Notice: Prescription Drug List (PDL): Naproxen

Notice to the reader:

The online consultation is now closed.

June 4, 2014
Our file number: 14-105860-242

The purpose of this Notice of Consultation is to provide an opportunity to comment on the proposal to revise the listing for Naproxen on the Prescription Drug List (PDL). Only the human part of the PDL is proposed to be revised. The proposed wording of the new listing is:

  • Drugs containing any of the following:
    • Naproxen or its salts
    • Naproxène ou ses sels
  • Including (but not limited to)
  • Qualifier
    • except when sold for oral use with a daily dose equivalent to 400 milligram (mg) naproxen base
  • Effective Date
    • to be determined


The current listing on the PDL for naproxen reads as follows: "Naproxen and its salts, except when sold for oral use with a daily dosage of 440 mg". This qualifier only allows a naproxen salt form to be nonprescription.
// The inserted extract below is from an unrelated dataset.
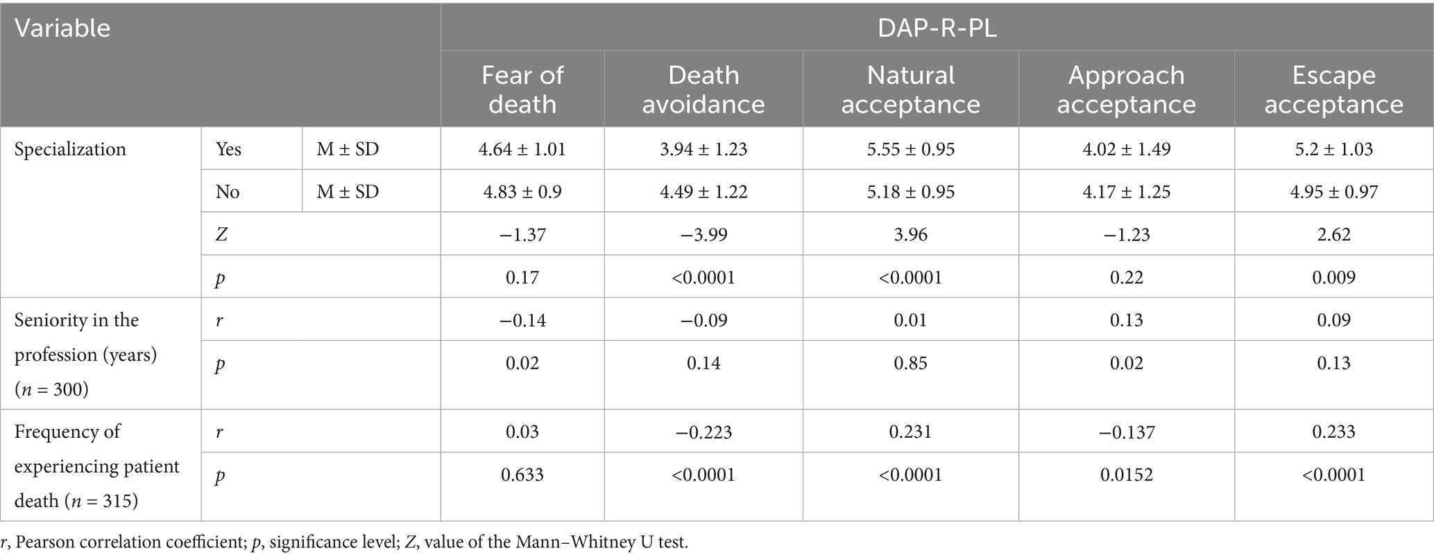 The Death Attitude Profile-Revised (DAP-R) conceptualizes five dimensions of attitudes toward death: fear of death, death avoidance, natural acceptance, approach acceptance, and escape acceptance (5, 6). Natural acceptance reflects viewing death as a normal, inevitable part of life, often linked to cultural or religious beliefs and associated with adaptive coping strategies. In contrast, escape acceptance frames death as a release from suffering, which may be understandable in palliative care contexts but can also indicate emotional burden or professional burnout.

It is proposed that the current listing be revised to permit flexibility in using different salts, either individually or in combination with the naproxen base. There are no safety or effectiveness concerns in allowing this flexibility.

In conclusion, none of the prescription criteria outlined in section C.01.040.3 of the Food and Drug Regulations apply to Naproxen when sold for oral use with a daily dose equivalent to 400 mg naproxen base.

Additional information on how Health Canada determines prescription status (or nonprescription status) is available in the Guidance Document: Determining Prescription Status for Human and Veterinary Drugs.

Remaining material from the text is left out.